From the beginning of the COVID-19 pandemic to date, studies related to AR have also appeared to meet the challenges related to COVID-19. Most of the research are in the medical field (Ahied et al. 2020; Luck et al. 2021; AlMazeedi et al. 2020) in terms of employing AR in conducting surgeries. The studies revolved around the educational area (Labib et al. 2021; Munzil and Rochmawati 2021; He et al. 2021) in terms of improving the remote learning environment to clearly deliver the information to students. AR has also seen applications in commercial fields that are tailored to the social situation. For example, during lockdowns when people were unable to try and purchase clothing in person, AR technology enabled users to remotely try on clothes. This innovative approach has to some extent changed the business mode of the retail industry during the pandemic (Papagiannis 2020). Our application of AR to help people maintain a certain social distance is also a new attempt in the field of social communication.
3 Method
We base our idea to help individuals keep an appropriate social distance with others on AR-based interface. As human beings are not sensitive to the breathing air from different individuals, which has no color and smell, so that they are not aware of the potential aerosol infection. We hypothesize that if the respiratory droplets are observable to the subjects, they will naturally react to avoid getting into the region with the breathing gas. As the visual channel is very efficient in displaying information, we will resort to visualize respiratory droplets in-situ from different individuals and expect the visually highlighted breathing effects will stimulate the subjects to keep an appropriate social distance to others.
In this regard, the AR-based interface well fit our design goals. With the progress of AR displays and programming tools, it is possible to augment the real world with virtual objects or effects. In order to produce the virtual animations that well align the real world, we aim to recognize the individuals in the public space, track their head pose to well simulate the breathing effects, align the virtual effects to each individual and render them with the head-mounted display (HMD) to highlight the breathing gas in the real world. All the involved computation should be completed in real-time, so that the augmentation of the real world will be natural to each subject. As shown in Fig. 2, we illustrate the pipeline about how we implement our prototype AR system.
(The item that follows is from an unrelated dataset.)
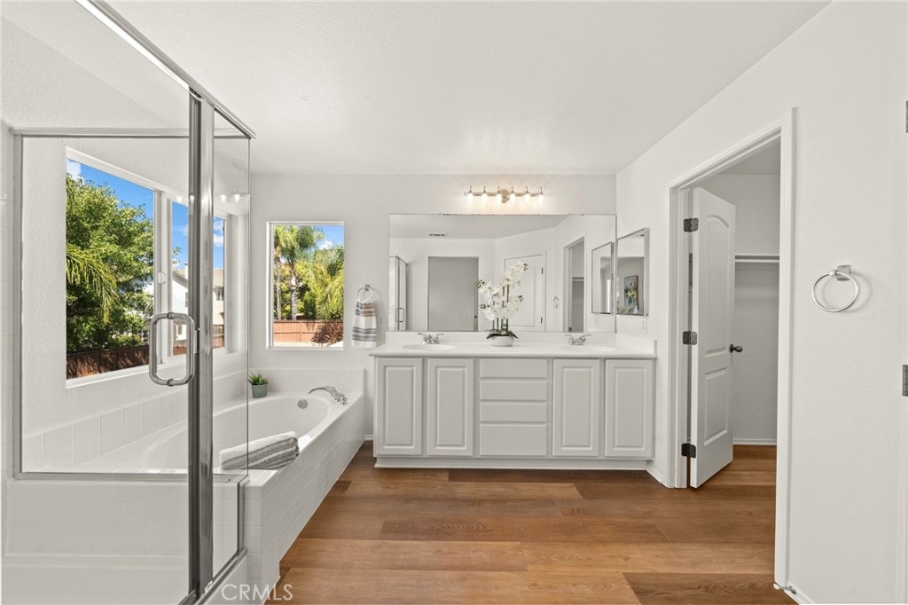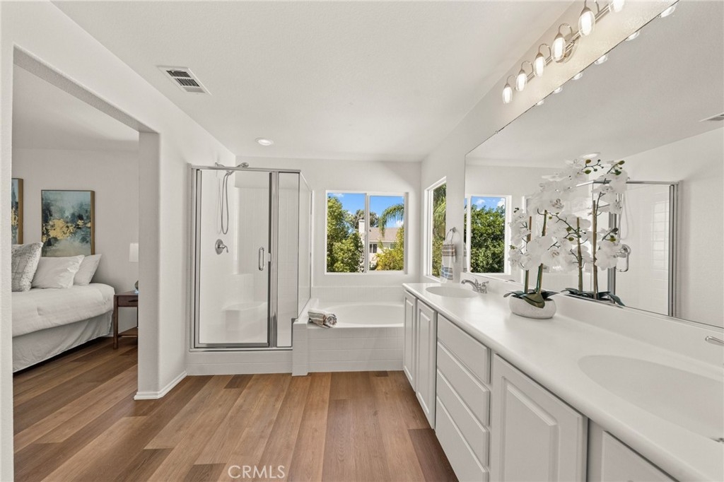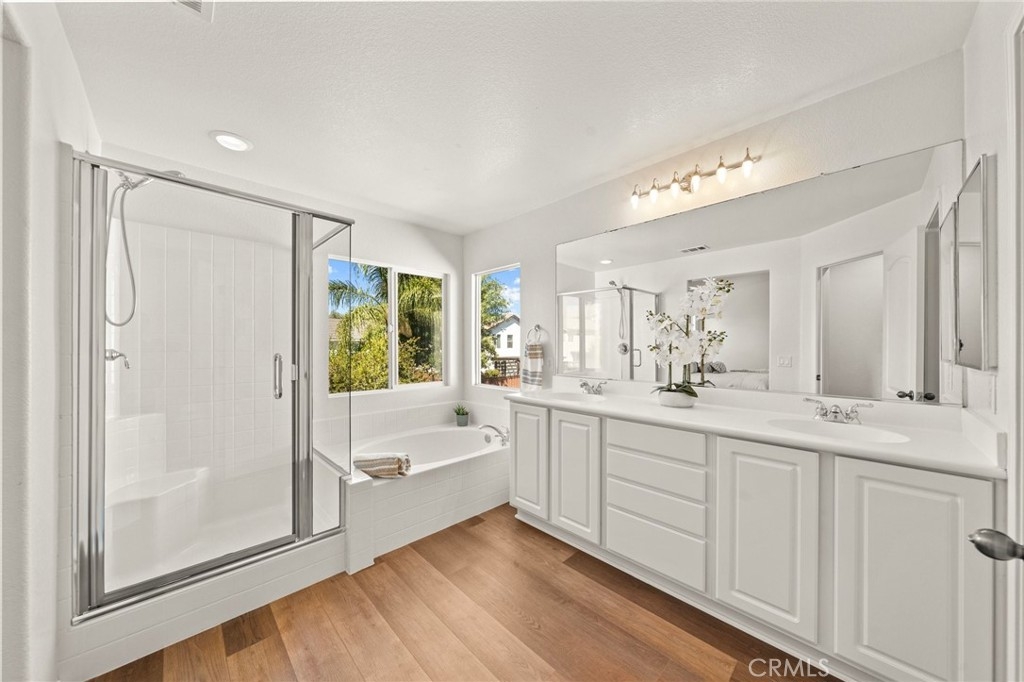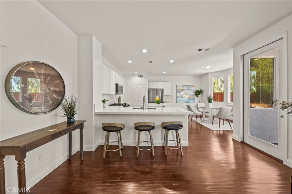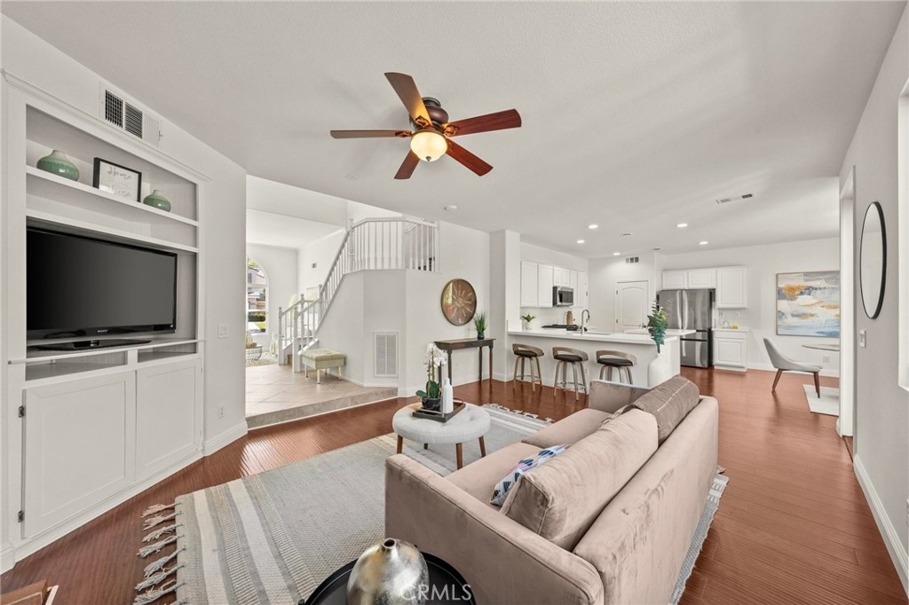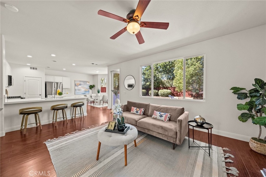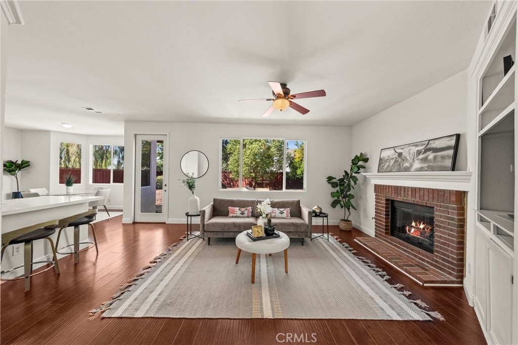 You have Arrived! HIGHLY UPGRADED TWO-STORY CENTRAL PARK HOME, LOW TAXES, LOW HOA, TEMECULA SCHOOLS. Nestled in the heart of the highly sought-after Central Park community. Enjoy modern living in this charming and upgraded home, featuring high-end finishes and thoughtful touches throughout. As you step through the front door, you'll be greeted by an open foyer with travertine and hard wood looking laminate floors. The living area lets in tons of natural light, creating a warm and inviting atmosphere that's perfect for both relaxing and entertaining. The kitchen is complely remodeled with modern stainless steel appliances and quartz countertops. A cozy gas fireplace awaits in the inviting living room, creating a warm ambiance. The master bathroom is freshly remodeled as well with a frameless glass shower. Step outside to discover an incredible view of the surrounding mountains and plateau. Additionally, the entire interior and exterior has been repainted, adding to the curb appeal outside and a fresh clean look inside. A brand new AC unit, replaced within the last year, keeps the home nice and cool throughout the hot summer days. Central Park offers tons of amenities for only $49 per month including: a community clubhouse available for use of private events, pool/hot tub/ kids wading pool, walking trails, parks with sitting areas, and more. The county maintained parks around the community and next to the pool/clubhouse include playgrounds, open grass fields, tennis court, pickleball courts, and a basketball court. You'll be just minutes away from local shopping centers, Temecula Wine Country, Old Town, restaurants, and top-rated schools. LOW HOA! LOW TAXES! Don't miss out on this incredible opportunity - schedule your private tour today!

Pipeline of our approach. (1) The camera on AR HMD captures images and input them to our system. (2) We utilize face recognition to locate faces in the captured images. (3) We passing the position of the detected faces to the ResNet50 network to regress the pose angles of the heads. (4) With the detected face and the its orientation, we use the Unity engine to render the special effects. Users wearing the AR HMD will see the displayed virtual effects
The HoloLens 2 is a MR device, but it is well-suited for AR tasks due to its ability to overlay virtual elements onto the real world effectively. Our primary goal is to deliver an AR experience that integrates virtual components with the real environment to assist with social distancing. This choice of device ensures that we can achieve the AR functionalities required for our application (Speicher et al. 2019).
Using the camera view of the Hololens 2 device as visual input, we propose to use a facial recognition method to identify and annotate the pixel position of the face region. Three pose angles are then regressed using the ResNet50 (He et al. 2015) for the annotated region. Finally, the collected information is rendered by the Unity engine for special effects and displayed on the Hololens 2, creating an augmented reality (AR) effect that is continuously updated in the camera video stream.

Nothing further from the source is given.